--haploid setting less sensitive than default
NatPRoach opened this issue · 3 comments
Hello,
I'm not sure if this is intended behavior, but the --haploid
flag appears to be significantly less sensitive at detecting variants than the default setting. Looking at the code in call_var.py it appears to be because of this snippet:
if output_config.is_haploid_mode_enabled:
if (
is_hetero_SNP or is_hetero_ACGT_Ins or is_hetero_InsIns or
is_hetero_ACGT_Del or is_hetero_DelDel or is_insertion_and_deletion
):
return (
(True, False, False, False, False, False, False, False, False, False),
(reference_base_ACGT, reference_base_ACGT)
)
Which based on the later return statement in that function,
return (
(
is_reference, is_homo_SNP, is_hetero_SNP,
is_homo_insertion, is_hetero_ACGT_Ins, is_hetero_InsIns,
is_homo_deletion, is_hetero_ACGT_Del, is_hetero_DelDel,
is_insertion_and_deletion
),
(reference_base, alternate_base)
)
, seems to be returning that anytime there is a hetereozygous variant it defaults to reporting the reference variant when in --haploid
mode.
My expectation was that --haploid
mode would be more sensitive at detecting low frequency variants rather than defaulting to the reference more frequently.

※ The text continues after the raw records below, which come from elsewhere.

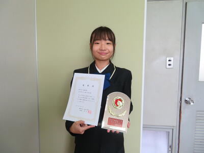 「おもいがけず立派な賞をいただき、びっくりしています。実習中に感じたことを短歌に詠みました。これからも短歌作りを楽しみながら続けていきたいと思います。」(3A 濵田 智恵)
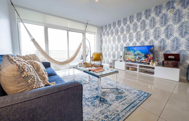 Welcome to Palm Place! Feel at home in this spacious apartment centrally located in Miami. This lovely apartment can host up to 4 people and features a kitchen equipped with all you'd need to cook a meal, including a coffee machine, pots, pans, and an island with seating for 4. Enjoy amenities such as a beach umbrella and chairs, pool towels, a putting green, a 24-hour front desk, and two elevators. The barbecue area is perfect for an afternoon grill session. Covered garage parking is included with a clearance of 6’8". EV charging is available. Pets are welcome with a $150 fee per pet. Please check with us for weight and size restrictions. A one-time fee of $50 per guest or family unit is payable at the front desk upon check-in. The property is a short drive to Miami Beach, 8 minutes from Miami International Airport (35 minutes from Fort Lauderdale–Hollywood International Airport), and a short stroll to Miami’s Design District, a treasure trove of luxury fashion boutiques, edgy art galleries, and trendy restaurants. With many restaurants, bars, shops, and entertainment just downstairs, Wynwood and The Design District are minutes away. Midtown is special because it's all a brand new development, so the restaurants and apartments are very modern and new. There is so much dining variety within walking distance, and with parking being so convenient, you can drive to the beach in 5 minutes. There are many transportation options, from the free trolley to Uber, and with parking included, you can easily drive anywhere. There are 3 public bus lines that pick up in Midtown as well. Check-in is any time after 4 PM, and check-out is any time before 11 AM. An early check-in or late check-out time may be available; please inquire about pricing a few days before check-in for availability. Self check-in is at the front desk. Strict no-smoking policy, low noise level post 10 PM, and parties and large gatherings are prohibited. The number of guests cannot exceed those specified at booking. No additional visitors or overnight guests are permitted without prior approval; violations incur a $50 fee per person, and your stay may be terminated without refund. All guests must be 21 years or older unless accompanied by a parent or pre-approved. No underage drinking, drugs, marijuana (medical or recreational), or vaping. Any smoke smell will incur a $100 cleaning fee. Respect the residential area and noise ordinance between 10 PM and 8 AM; violations may result in police visits and immediate eviction. Includes a work desk in the bedroom. [SI]
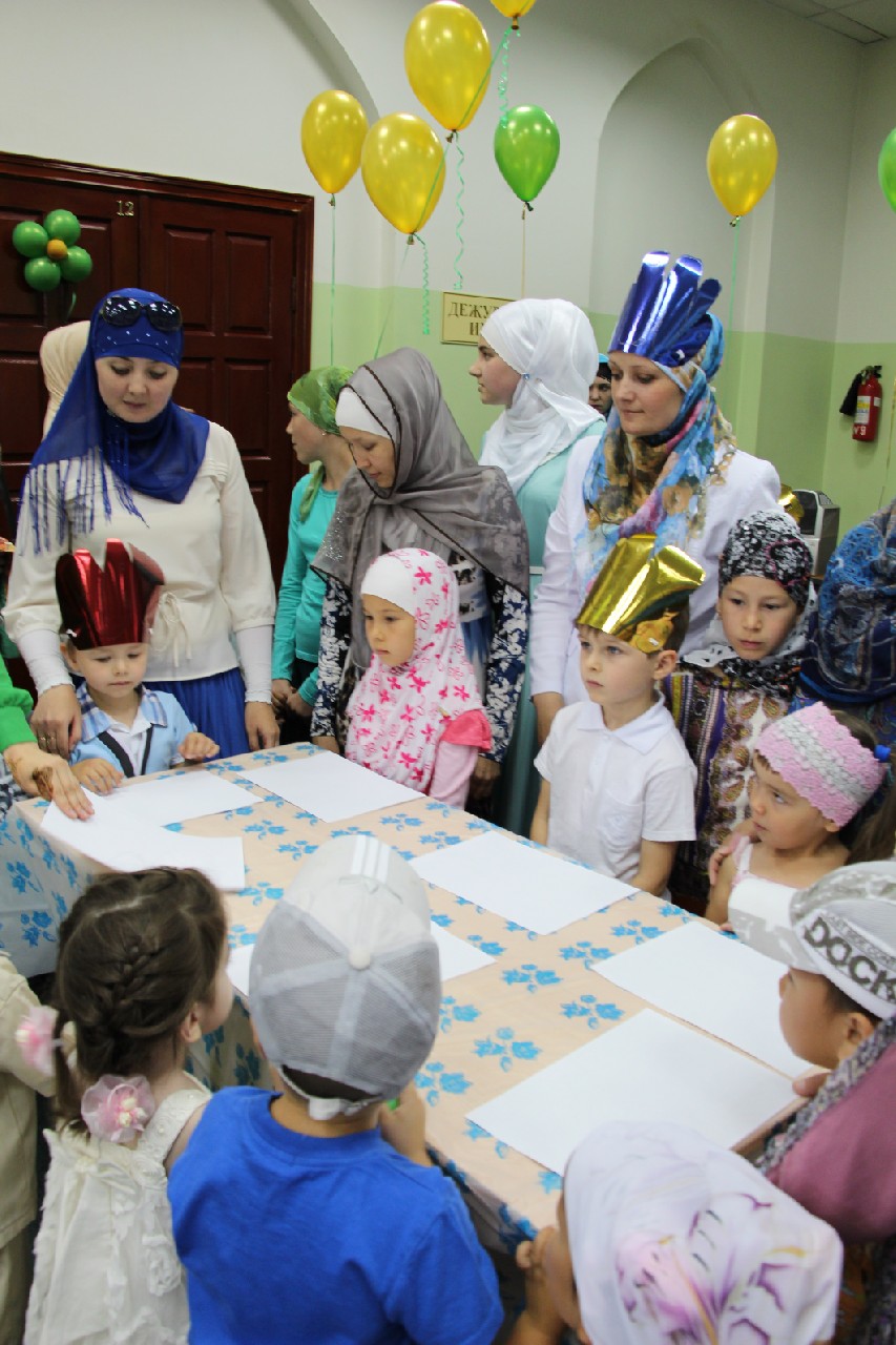 В выходной день родители также приняли участие в празднике — вместе со своими детьми взрослые должны были описать изображения на картинках и найти их связь с Рамаданом. Справившись с заданиями, они получили коробочки с финиками – одним из символов Благословенного месяца.
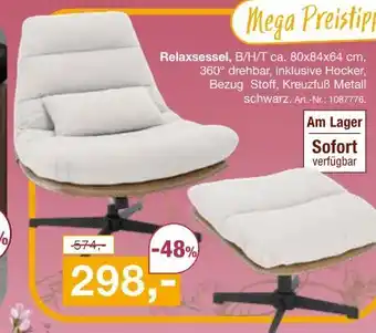 Relaxsessel ist jetzt im Angebot bei Möbel Inhofer, gültig vom 16-04-2026 bis 03-05-2026. Besuchen Sie die Website von Möbel Inhofer oder kaufen Sie Relaxsessel direkt im Geschäft. Auf Prospektangebote.de finden Sie immer die besten aktuellen Aktionen. Vergleichen Sie Relaxsessel mit anderen Angeboten und prüfen Sie, ob sich ein Kauf jetzt lohnt. Behalten Sie kommende Aktionen im Blick, denn manche Produkte sind nur nächste Woche oder nur vor Ort verfügbar.Häufig gestellte Fragen über Relaxsessel
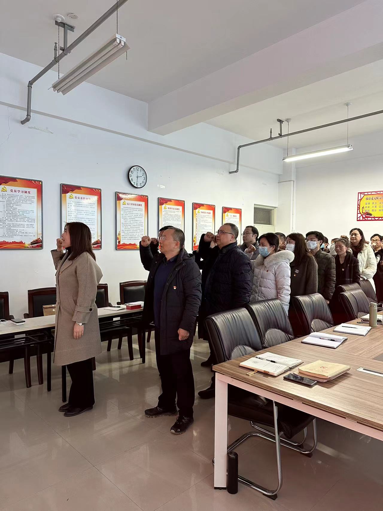 首先是重温入党誓词,由薄利娜同志带领全体党员重温入党誓词。其次是诵读经典,由院党总支书记陈力同志带领学习《习近平在学习贯彻党的二十大精神研讨班开班式上的重要讲话》精神;然后,由薄利娜同志带领学习党的二十大文件汇编相关精神并谈体会。会上,支部党员集中交纳当月党费,并公示了1月份党员积分情况。作为“附加动作”,由黄艺琴同志带领学习河南省高等职业教育教学能力大赛文件精神。
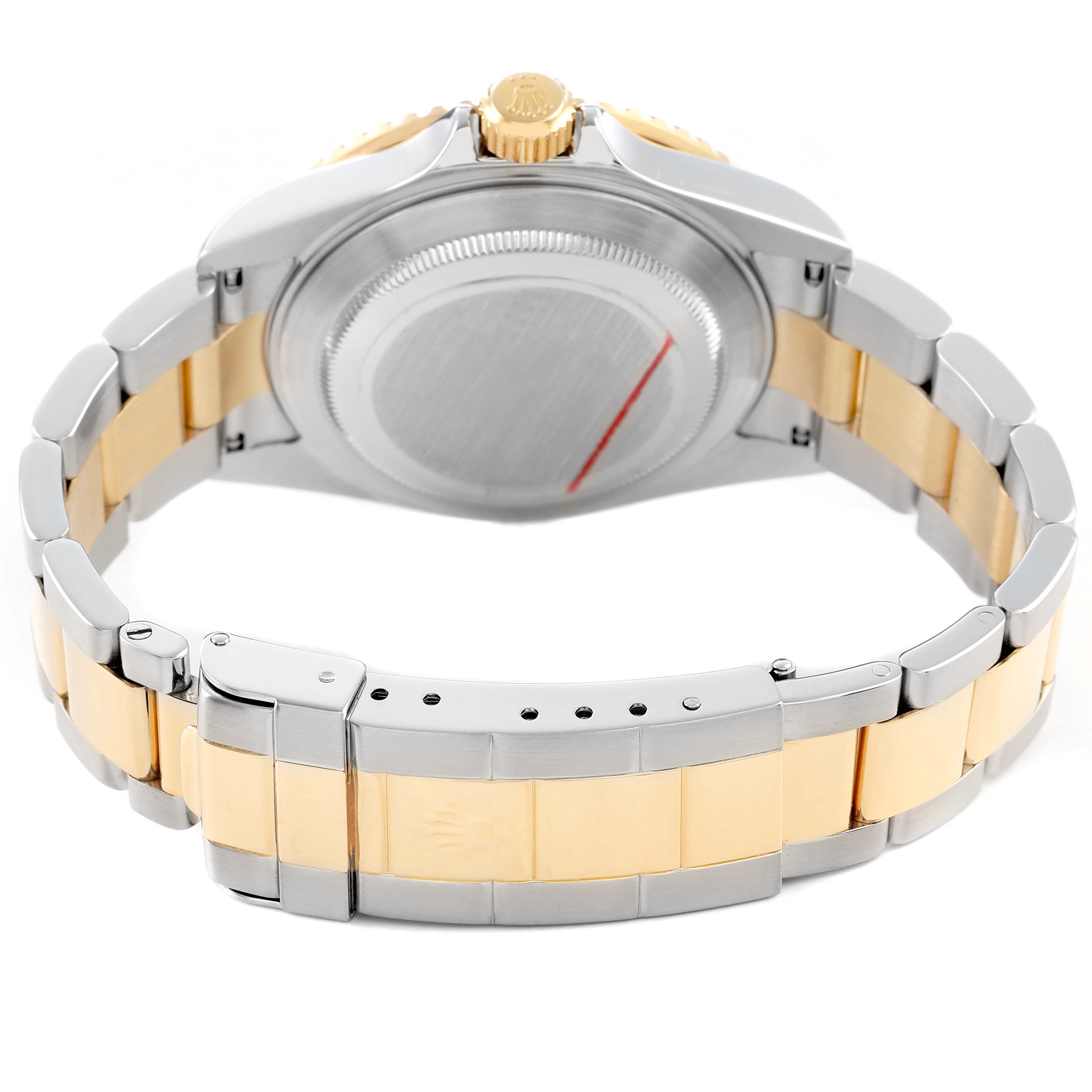 | Case: | Stainless steel and 18k yellow gold oyster case 40.0 mm in diameter. Rolex logo on the 18k yellow gold crown. Pointed crown guards. |

If this is intended behavior it may be worth clarifying what --haploid
mode is doing behind the scenes and what assumptions it's making in the --help
statement.
Thanks!
Thanks for the suggestion. Maybe I should provide two modes, --haploid_sensitive
and --haploid_accurate
.
Two new modes added. --haploid_precision
will consider heterozygous alike positions as non-variant.--haploid_sensitive
will consider heterozygous alike positions as variant.
Awesome, thanks for the quick turn around on this!